Switch-firewall-traffic-capture

GaryByatt · August 2, 2018, 7:56am

Certainly there is bus sharing on the original model B and RPi 2 and 3. As I am unlikely to use an original model A again I can't bring myself to check that in greater detail. Bus sharing could be a significant factor for some projects, so its good to understand it.
RPi have their uses, ultimately enabling many uses cases where higher cost compute units would not be tolerated. I often see them in use in businesses for a whole range of purposes, but they have a low price for a reason, so we should not expect too much of them. I am glad they came to market, as they got me to look seriously at low power compute units.
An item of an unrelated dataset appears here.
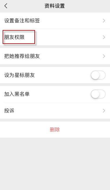 3、可以看到朋友权限,点击;

GaryByatt · August 2, 2018, 10:09am

I have never used ZFS, but you have got me interested. I will be looking for use cases for that from now, although as you say there are issues reported around using it that stop me using it until I understand it and its issues better.
Performance comparison shows the AMD GX-412HC at 1.2 GHz (can’t find numbers on the 1 GHz GX-412TC used in the APU2C2) is quite close to the Celeron N2920 and probably fast enough. Performance to price ratio is very similar too. However, I can get a Chinese J1900 device (so circa 22% faster CPU mark over the GX-412HC and N2920) with 4 Intel NIC 2 GB RAM 32 GB eMMC (but no circuit design so not sure what I am getting) for very similar money.
Glad you mentioned irqbalance, not used it. Docs on it says its for balancing across processors rather than cores. So I will experiment a bit with it.
Great detail on the bridging requirement. This sounds like it will be the biggest challenge as I clearly don’t understand it well enough yet.
Also Interested to hear about the cross-port leaking before boot is complete. In fact, a few weeks back I looked into similar behaviour I have detected multiple times over the years in different in running commercial switches. The more I looked the more special cases I found. When I got to ten I stopped. Broadly, in some special cases a switch may not be certain of traffic’s destination port, so rather than just drop it broadcasts the traffic so that it will arrive where it should, even it arrives where it shouldn’t too. I have no doubt that a network exploit using this will be created, if it has not already.
Thanks for all the help; you know a lot.

jeff · August 2, 2018, 4:13pm

The "issues" are very straightforward -- Linux and many Linux-based distros are licensed under the very restrictive GPL-family, ZFS is licensed under a much more open license. As such, you can't distribute the two of them together in binary form. You just have to build the ZFS modules from source during install, then on your target machine. It's straightforward. See for example https://github.com/zfsonlinux/zfs/wiki/Debian-Stretch-Root-on-ZFS

Nor the quality or authenticity of the components on the board or the build quality. Take a gander at, for example, the pfSense forums for some enlightening opinions about the cheap imports. In a similar vein, there are lots of new "Intel" NICs out there selling at "surprisingly reasonable" prices that are certainly couterfeit. See, for example, https://forums.servethehome.com/index.php?threads/comparison-intel-i350-t4-genuine-vs-fake.6917/

On the consumer-grade switch chips "leaking", basically they come up with a "stock" configuration at power-on. In contrast to a good SOHO- or enterprise-grade switch, the ports are not "held off" until the switch is configured. So you get whatever that switch chip has as its power-on configuration for the minute or so until the OS configures it. This can mean that, for example, all the LAN ports are bridged together for that period of time.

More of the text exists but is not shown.